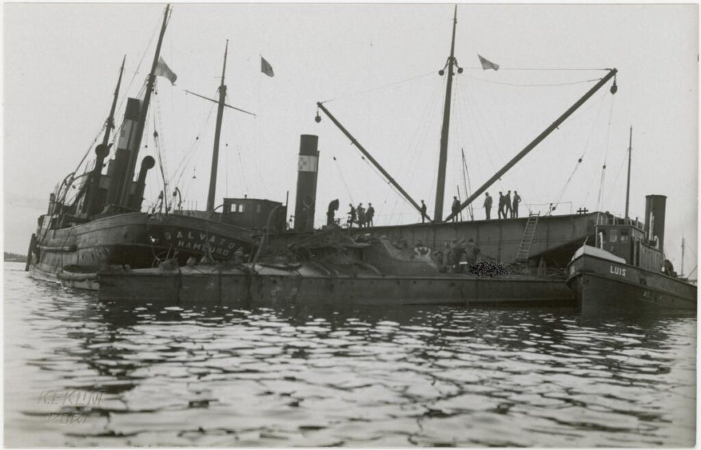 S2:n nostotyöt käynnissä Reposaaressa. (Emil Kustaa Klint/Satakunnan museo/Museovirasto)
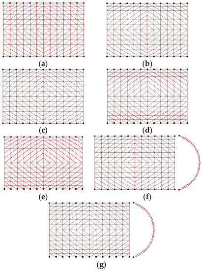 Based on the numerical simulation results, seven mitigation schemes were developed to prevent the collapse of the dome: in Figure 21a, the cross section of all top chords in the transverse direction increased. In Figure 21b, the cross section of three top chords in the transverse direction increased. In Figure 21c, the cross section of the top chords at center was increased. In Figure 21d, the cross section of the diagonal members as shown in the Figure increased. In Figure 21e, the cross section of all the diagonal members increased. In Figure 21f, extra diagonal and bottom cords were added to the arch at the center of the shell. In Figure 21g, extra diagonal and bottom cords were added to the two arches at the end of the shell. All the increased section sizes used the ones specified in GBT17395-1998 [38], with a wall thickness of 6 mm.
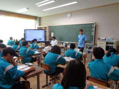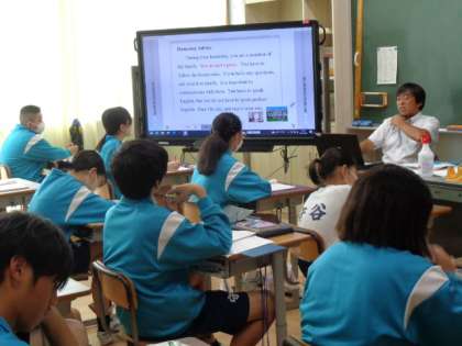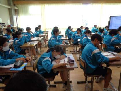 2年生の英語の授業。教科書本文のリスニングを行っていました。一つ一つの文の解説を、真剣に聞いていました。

::::::

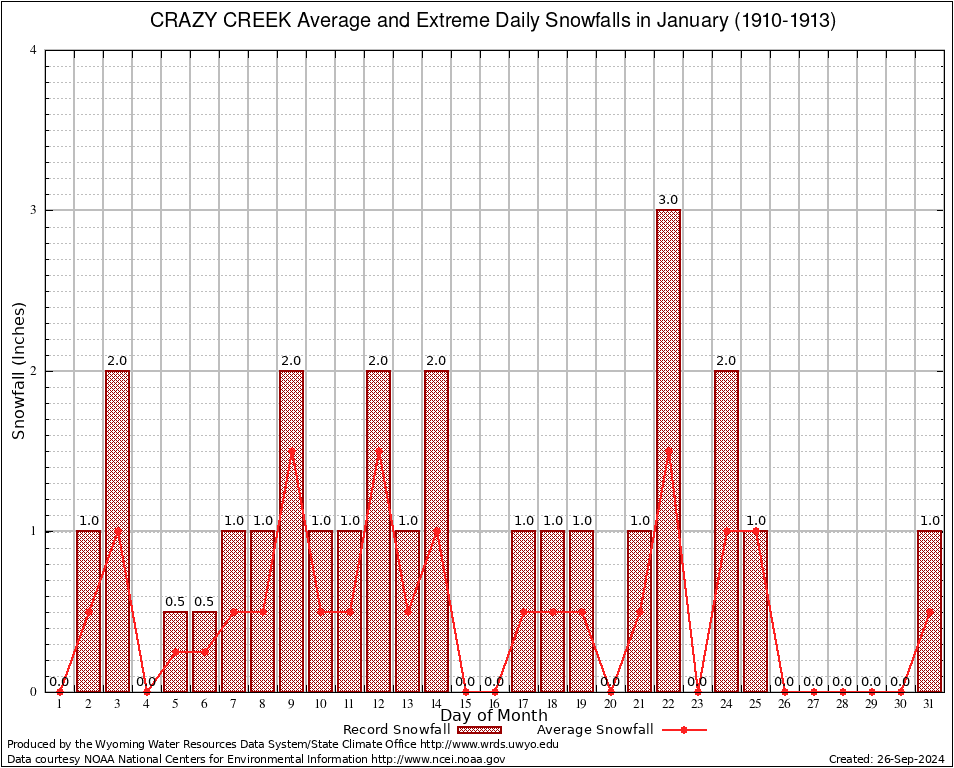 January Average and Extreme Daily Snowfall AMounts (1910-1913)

::::::

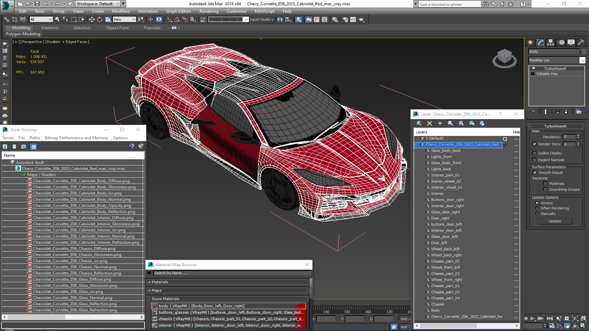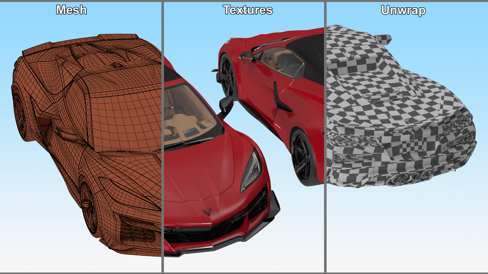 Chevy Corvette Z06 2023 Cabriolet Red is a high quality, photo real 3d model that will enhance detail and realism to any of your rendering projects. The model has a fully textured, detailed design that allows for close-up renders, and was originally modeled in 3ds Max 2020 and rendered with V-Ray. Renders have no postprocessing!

::::::

- ACTIVITY -
Give back, exactly and without pictures, the stretch of the records above from the line containing "S2:n nostotyöt käynnissä" through the line containing "2年生の英語の授業。教科書本", with both end lines included.

- WRITTEN RESPONSE -
 S2:n nostotyöt käynnissä Reposaaressa. (Emil Kustaa Klint/Satakunnan museo/Museovirasto)
 Based on the numerical simulation results, seven mitigation schemes were developed to prevent the collapse of the dome: in Figure 21a, the cross section of all top chords in the transverse direction increased. In Figure 21b, the cross section of three top chords in the transverse direction increased. In Figure 21c, the cross section of the top chords at center was increased. In Figure 21d, the cross section of the diagonal members as shown in the Figure increased. In Figure 21e, the cross section of all the diagonal members increased. In Figure 21f, extra diagonal and bottom cords were added to the arch at the center of the shell. In Figure 21g, extra diagonal and bottom cords were added to the two arches at the end of the shell. All the increased section sizes used the ones specified in GBT17395-1998 [38], with a wall thickness of 6 mm.
 2年生の英語の授業。教科書本文のリスニングを行っていました。一つ一つの文の解説を、真剣に聞いていました。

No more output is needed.